Hello @kbernard Providing the published study meets PAAB requirements as a standalone trial, as a general rule of thumb, if the timepoints are predefined, tested for statistical significance, and are directionally consistent with the primary endpoint, it would be acceptable to present them in the piece in a non-selective and complete manner.

Hello @mhe This sounds like a specific question about a specific study and product. It would be difficult to speculate on the features of the study, the brand, the claim and the nature of the device. We’d suggest submitting for an opinion. In general, published, peer-reviewed, randomized control trials are required for therapeutic claims. In-vitro studies can be considered for non-clinical claims if the study is published, peer-reviewed and designed for the feature being discussed.

Hey @constance Due to their size, we often receive a portion of the report. The advertiser must include any content that is relevant to the APS presentation in question.

Hello @geoffls20 The document Guidance on Patient Reported Outcomes provides the limitations for use of PROs. It is not required that the study identifies it as a “key” secondary endpoint. Note that it must be identified as a “secondary endpoint” and this must be disclosed in the APS per code section 3.1.10. The discloser of failed secondary endpoints is required when they are closely related to the other endpoints so as not to be selective. (s.5.12)

Hello @mhe Good question. Basically, all copy in a branded piece has implications for the brand. When you present the definition/criteria for “optimal benefit” you are suggesting that the product gets patients to “optimal benefit”. This is likely not substantiated as the clinical endpoint in the study was probably not “optimal benefit”. Claims, both direct and implied, must be supported by statistically significant findings from a well designed, published study. With respect to adding a disclaimer, it is not sufficient to state or imply claims and then use a disclaimer to off-set them. That which cannot be supported should not be stated or implied. Happy Holidays!
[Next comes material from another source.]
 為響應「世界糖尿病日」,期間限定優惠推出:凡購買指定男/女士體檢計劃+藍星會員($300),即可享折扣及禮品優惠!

Good morning @palanski Great question. There has been an increase in HCP assets that direct HCPs to pre-gate spaces containing consumer content. For transparency, when you are directing this audience to a message not intended for them, they should be made clear of this fact. URLs that direct HCPs to landing pages that contain only administrative messages such as “log in here” would not require this disclaimer.

@jennifer-carroll Thank you for your helpful response!
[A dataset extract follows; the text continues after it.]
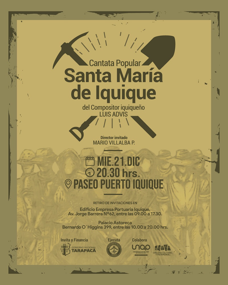 La cantata —compuesta en 1969 por el músico iquiqueño Luis Advis Vitaglich (1935-2004)— se ofrecerá de manera gratuita en edificio del Paseo Peatonal de la Empresa Portuaria (EPI). La actividad es financiada por el Gobierno Regional de Tarapacá, con la colaboración de la UNAP, a través de su proyecto Circuito Cultural y Patrimonial.

Hello @username No. Code section 3.1.1 states: Clinical or therapeutic claims must be based on published, peer-reviewed, controlled, and well-designed studies with clinical and statistical significance clearly indicated. Review articles, pooled data, meta-analysis, post-hoc analysis, and observational studies are generally regarded as not being evidence to support claims in drug advertising. Data included in the TMA may be acceptable.

@jennifer-carroll thank you Jennifer!

@jennifer-carroll Thank you this was very helpful

@jennifer-carroll Thank you for your input, Jennifer! We'll take this all into consideration.
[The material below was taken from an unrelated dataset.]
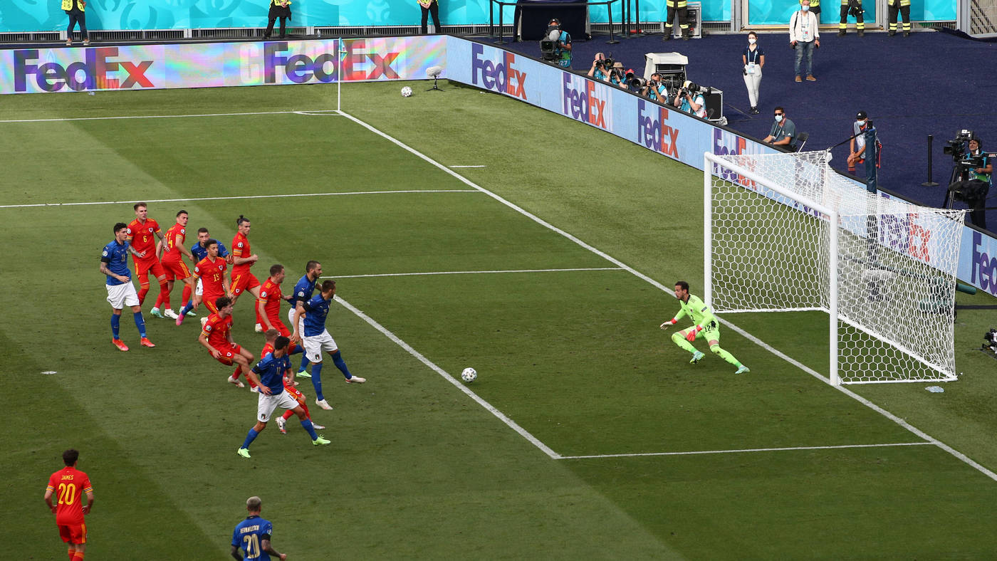 53’ Италия заработала штрафной и выставила свою «стенку» перед «стенкой» валлийцев. Игроки «скуадры адзурры» пригнулись, а Бернардески нанес удар во вратарский угол, но попал в штангу.

@natbourre All materials should be reviewed and approved by the manufacturer’s medical department prior to submission to PAAB as per the efile submission form and Code section 1.6B3. However, this does not negate the requirement to annotate the references to facilitate PAAB review of the APS against advertising regulations. Please see our new guidance document for the submission process for directions on referencing.

Hey @hannah Please see Q&A 338 listed above.

Good morning @gmc PAAB has issued advisories and guidance regarding formulary claims since 2010. In addition, we have received feedback from formularies regarding the presentation of formulary coverage in APS since then. The 2010 eFile may not reflect the more recent information and should not be used as precedent. We suggest submitting for an opinion should there be more specific questions regarding the proposed project.

Hi @abyscat, In general, if a specific coverage criteria is broader then the product’s indication or terms of market authorization, it is considered off-label and not acceptable in advertising. We suggest calling PAAB or submitting an opinion if there is specific formulary criteria that may require further clarification.

Hey @charlton No, a patient case is not required to be on a patient who actually participated in the PM trial.

Hey @kshulist This sounds like a specific question about a specific file and issue. It would be best addressed by discussing the specifics of the request with the reviewer of the file, in the context of the actual claim and indication, particularly since there are additional considerations for exclusivity claims. As a general principle, claims with the phrase “…indicated for…” require the verbatim indication, whereas non-verbatim/truncated indication claims may appear as “…indicated in…”. A “first and only” claim like that described, would appear to be an indication comparison and therefore require the copy “indicated in/for”.

Good Morning @username To set the context of the response, please see Q&A 500 . If the copy falls outside of the scope of the PAAB code, we can provide an advisory response on content. To support instructions for a demo device, we could consider a letter from medical confirming that the instructions are accurate per how they would counsel an HCP should they contact medical for directions on use. No copy should contradict the product labelling or package insert and clinical conclusions should not be inferred.

Hey @username In the context of a study design, with no additional weight that would emphasize the endpoint, it would likely be acceptable to mention the endpoint.